For the life of me I knew there was something about the how the jaws should be left, but could I remember what it was!
Expansion pressure, and damp creeping in both make perfect sense.
All batteries removed, silca granules added, hopefully all will be well.

Bod.


----------



## Gerry (5 Nov 2020)

Yes open and the anvils lightly oiled for storage to prevent corrosion.

Gerry


----------



## AES (5 Nov 2020)

AND, once the instruments come back into use again, apart from not forgetting to put a new battery in, don't forget to clean the faces of the anvils. The "approved" method is to close the faces onto a clean piece of ordinary writing or printer paper, using the ratchet if the instruments have them. Apart from cleaning this also serves to double-check that a 0 to 1 is properly calibrated - remove the paper and then close the anvil faces (ratchet again if poss) and the reading should be zero. If not a 0 to 1, use the test piece provided.

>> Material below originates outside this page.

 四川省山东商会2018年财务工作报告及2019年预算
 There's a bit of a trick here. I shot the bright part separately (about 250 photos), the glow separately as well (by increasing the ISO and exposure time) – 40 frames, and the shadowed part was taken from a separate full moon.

Hope that's not teaching granny to suck eggs!


----------



## Bod (6 Nov 2020)

Oh no! All good advice most welcome.

Bod


----------



## novocaine (6 Nov 2020)

honestly, the rubbish you forget, I don't think I've cleaned a mic like that in years, yet the moment you say it a light bulb goes on in the dark and dang portion of the brain I call home about being taught that. 

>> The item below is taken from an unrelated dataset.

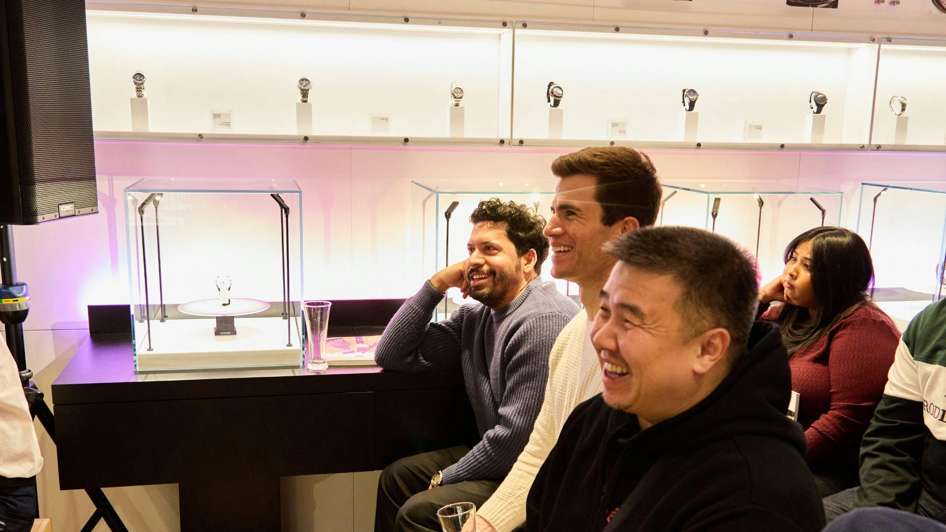 楽しい時間には終わりがあるもので、この夜も熱気に包まれたコミュニティの面々が夜の街へと繰り出すなか幕を閉じた。締めくくりのQ&Aセッションでは、ひとりの参加者が立ち上がり、10年間愛用してきた自身のエコ・ドライブがいかに高い精度を保ち続けているかを語る場面があった。そこに質問はなく、ただブランドへの純粋な熱意があふれていたのが印象的だった。この50年でシチズンが成し遂げてきた数々の成果を踏まえれば、あらゆる光を力に変えるエコ・ドライブとそれを愛する人々にとって、これから先にも明るい未来が待っているに違いない。

along with 3 clicks of the ratchet.


----------



## AES (6 Nov 2020)

Oh, 3 clicks? Never heard that one before (but then again, ALL of my brain is dark and "dank"!).


----------



## novocaine (6 Nov 2020)

Reckon it was just something the instructor taught us so we didn't clamp the mic down rock to much but unlike the cleaning, that was has stuck. especially when I started having my own gear and didn't want to wear it out.


----------



## AES (6 Nov 2020)

Yeah, reckon you're right mate. 

In similar vein I DO remember one day while still in basic training, a (civvy) window cleaner was working round the shops and when he got to our area, spied a good qual (nothing less in the RAF) 24/25 caliper on someone's bench. "Ah, just what I need" he says, and before anyone could stop him he'd grabbed it and was trying to open the (screw-on) back of his watch with it! Instructor went MAD!!!!


----------



## kenledger (6 Nov 2020)

I never gave digital mics a thought in my reply, i'm from the clockwork age.


----------



## RichardG64 (6 Nov 2020)

AES said:


> AND, once the instruments come back into use again, apart from not forgetting to put a new battery in, don't forget to clean the faces of the anvils. The "approved" method is to close the faces onto a clean piece of ordinary writing or printer paper, using the ratchet if the instruments have them. Apart from cleaning this also serves to double-check that a 0 to 1 is properly calibrated - remove the paper and then close the anvil faces (ratchet again if poss) and the reading should be zero. If not a 0 to 1, use the test piece provided.
> 
> Hope that's not teaching granny to suck eggs!


Nice one


----------



## HamsterJam (6 Nov 2020)

Batteries - what sorcery do you speak of?  (The mics I used had vernier Scales).
I was taught to always leave open a few turns and also the three clicks rule. Why three clicks? Because that’s enough to get a good reading without wearing the ratchet more than necessary.


----------